Course syllabus for Multivariable analysis

Course syllabus adopted 2025-02-13 by Head of Programme (or corresponding).

Overview

  • Swedish nameFlervariabelanalys
  • CodeMVE035
  • Credits6 Credits
  • OwnerTKTFY
  • Education cycleFirst-cycle
  • Main field of studyMathematics, Engineering Physics
  • DepartmentMATHEMATICAL SCIENCES
  • GradingTH - Pass with distinction (5), Pass with credit (4), Pass (3), Fail

Course round 1

  • Teaching language Swedish
  • Application code 57133
  • Maximum participants130
  • Open for exchange studentsNo
  • Only students with the course round in the programme overview.

Credit distribution

0105 Examination 6 c
Grading: TH		 6 c

In programmes

Examiner

Eligibility

General entry requirements for bachelor's level (first cycle)
Applicants enrolled in a programme at Chalmers where the course is included in the study programme are exempted from fulfilling the requirements above.

Specific entry requirements

The same as for the programme that owns the course.
Applicants enrolled in a programme at Chalmers where the course is included in the study programme are exempted from fulfilling the requirements above.

Course specific prerequisites

Linear algebra MVE670 and Real analysis TMA976 or equivalent courses.

Aim

The course will provide familiarity with the most basic theories in mathematical analysis in several variables and shed light on their applications in physics and technology.

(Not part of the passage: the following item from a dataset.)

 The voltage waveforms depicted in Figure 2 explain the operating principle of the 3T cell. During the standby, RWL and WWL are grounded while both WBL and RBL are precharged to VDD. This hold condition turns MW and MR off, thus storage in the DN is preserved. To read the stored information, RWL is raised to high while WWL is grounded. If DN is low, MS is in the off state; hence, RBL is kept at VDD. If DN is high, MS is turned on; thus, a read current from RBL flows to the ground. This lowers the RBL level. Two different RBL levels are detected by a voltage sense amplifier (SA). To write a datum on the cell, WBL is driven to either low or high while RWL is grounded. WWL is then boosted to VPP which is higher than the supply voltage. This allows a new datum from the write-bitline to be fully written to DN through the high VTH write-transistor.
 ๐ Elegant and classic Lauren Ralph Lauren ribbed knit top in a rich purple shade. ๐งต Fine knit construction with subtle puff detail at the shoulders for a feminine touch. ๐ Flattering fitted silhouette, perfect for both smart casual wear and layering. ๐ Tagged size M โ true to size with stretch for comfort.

Learning outcomes (after completion of the course the student should be able to)

After completing the course, students should be able to explain the meaning of and the connection between the basic concepts of mathematical multivariable calculus and be able to apply their knowledge in practical problem solving.

Content

Functions of several variables. Partial derivatives, differentiability, the chain rule, directional derivative, gradient, level sets, tangent planes, change of variables in PDEs, the implicit and inverse function theorems. Taylor's formula for functions of several variables, characterization of stationary points and optimization. Double integrals, iterated integration, Fubinis theorem, change of variables, level sets, triple integrals, generalized integrals. Space curves. Line integrals, Green's formula in the plane, potentials and exact differential forms. Surfaces in R3, surface area, surface integrals, divergence and curl, Gauss' and Stokes' theorems. Some physical problems leading to partial differential equations. Partial differential equations of the first order. Differentiating under the integral sign. Extreme value problems for functions of several variables, Lagrange's multiplier rule.

Organisation

The teaching is organized into lectures and exercise sessions. There are voluntary electronic tests yielding bonus points.

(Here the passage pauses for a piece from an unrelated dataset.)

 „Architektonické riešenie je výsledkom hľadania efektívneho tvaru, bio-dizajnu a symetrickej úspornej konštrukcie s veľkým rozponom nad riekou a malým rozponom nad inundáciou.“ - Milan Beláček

There are also mandatory blackboard presentations. The students are divided into groups of 6. Each group presents a week of lecture material at the blackboard and writes a report.

Literature

A. Persson, L.-C. Böiers: Analys i flera variabler, Studentlitteratur, Lund. Övningar till Analys i flera variabler, Institutionen för matematik, Lunds tekniska högskola. OTHER LITERATURE L. Råde, B. Westergren: BETA - Mathematics Handbook, Studentlitteratur, Lund.

Examination including compulsory elements

A written examination.
Mandatory blackboard presentations.
Bonus point-yielding tests.

The course examiner may assess individual students in other ways than what is stated above if there are special reasons for doing so, for example if a student has a decision from Chalmers about disability study support.